Saved data entries:
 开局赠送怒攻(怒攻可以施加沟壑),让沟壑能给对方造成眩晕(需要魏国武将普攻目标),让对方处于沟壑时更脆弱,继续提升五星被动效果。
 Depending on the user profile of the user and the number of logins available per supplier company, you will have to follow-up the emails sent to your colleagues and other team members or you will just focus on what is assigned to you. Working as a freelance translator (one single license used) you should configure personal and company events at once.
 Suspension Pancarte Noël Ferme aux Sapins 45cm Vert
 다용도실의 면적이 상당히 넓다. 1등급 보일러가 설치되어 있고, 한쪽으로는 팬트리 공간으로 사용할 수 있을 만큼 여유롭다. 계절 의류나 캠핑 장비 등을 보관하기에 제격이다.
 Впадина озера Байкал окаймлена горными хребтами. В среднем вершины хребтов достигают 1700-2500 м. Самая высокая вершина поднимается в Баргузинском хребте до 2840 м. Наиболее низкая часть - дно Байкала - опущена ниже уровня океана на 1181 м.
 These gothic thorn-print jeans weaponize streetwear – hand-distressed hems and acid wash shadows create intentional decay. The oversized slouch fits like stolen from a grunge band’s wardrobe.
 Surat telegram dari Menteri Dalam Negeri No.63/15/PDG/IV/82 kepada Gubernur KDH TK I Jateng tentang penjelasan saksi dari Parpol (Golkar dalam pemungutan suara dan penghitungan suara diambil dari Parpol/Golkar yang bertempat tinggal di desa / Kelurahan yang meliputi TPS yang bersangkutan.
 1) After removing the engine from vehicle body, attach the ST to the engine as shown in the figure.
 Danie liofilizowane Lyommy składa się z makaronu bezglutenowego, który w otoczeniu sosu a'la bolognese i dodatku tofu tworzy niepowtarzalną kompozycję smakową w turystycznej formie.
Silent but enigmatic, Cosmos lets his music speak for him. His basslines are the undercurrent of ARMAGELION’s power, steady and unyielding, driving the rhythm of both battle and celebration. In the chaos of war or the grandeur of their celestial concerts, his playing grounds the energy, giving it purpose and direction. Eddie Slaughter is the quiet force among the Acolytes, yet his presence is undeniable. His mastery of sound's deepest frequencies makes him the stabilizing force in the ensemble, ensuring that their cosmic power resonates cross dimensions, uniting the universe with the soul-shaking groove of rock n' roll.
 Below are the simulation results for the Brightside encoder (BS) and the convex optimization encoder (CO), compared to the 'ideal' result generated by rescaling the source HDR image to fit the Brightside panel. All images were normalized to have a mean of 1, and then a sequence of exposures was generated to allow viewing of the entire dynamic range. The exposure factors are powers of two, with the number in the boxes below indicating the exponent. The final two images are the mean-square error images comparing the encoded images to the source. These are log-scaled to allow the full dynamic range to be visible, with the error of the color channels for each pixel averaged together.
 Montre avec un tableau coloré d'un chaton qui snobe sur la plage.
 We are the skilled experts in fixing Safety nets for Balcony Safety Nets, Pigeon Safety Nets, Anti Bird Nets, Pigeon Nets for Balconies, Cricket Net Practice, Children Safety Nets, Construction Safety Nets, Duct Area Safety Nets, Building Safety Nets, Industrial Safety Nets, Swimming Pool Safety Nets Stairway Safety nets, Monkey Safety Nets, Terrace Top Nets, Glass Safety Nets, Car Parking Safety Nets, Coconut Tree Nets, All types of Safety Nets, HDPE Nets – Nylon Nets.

Instructions to follow
Begin with the line that contains "Montre avec un" and quote each line after it exactly, stopping after the last line of the data.

Exercise output
 Montre avec un tableau coloré d'un chaton qui snobe sur la plage.
 We are the skilled experts in fixing Safety nets for Balcony Safety Nets, Pigeon Safety Nets, Anti Bird Nets, Pigeon Nets for Balconies, Cricket Net Practice, Children Safety Nets, Construction Safety Nets, Duct Area Safety Nets, Building Safety Nets, Industrial Safety Nets, Swimming Pool Safety Nets Stairway Safety nets, Monkey Safety Nets, Terrace Top Nets, Glass Safety Nets, Car Parking Safety Nets, Coconut Tree Nets, All types of Safety Nets, HDPE Nets – Nylon Nets.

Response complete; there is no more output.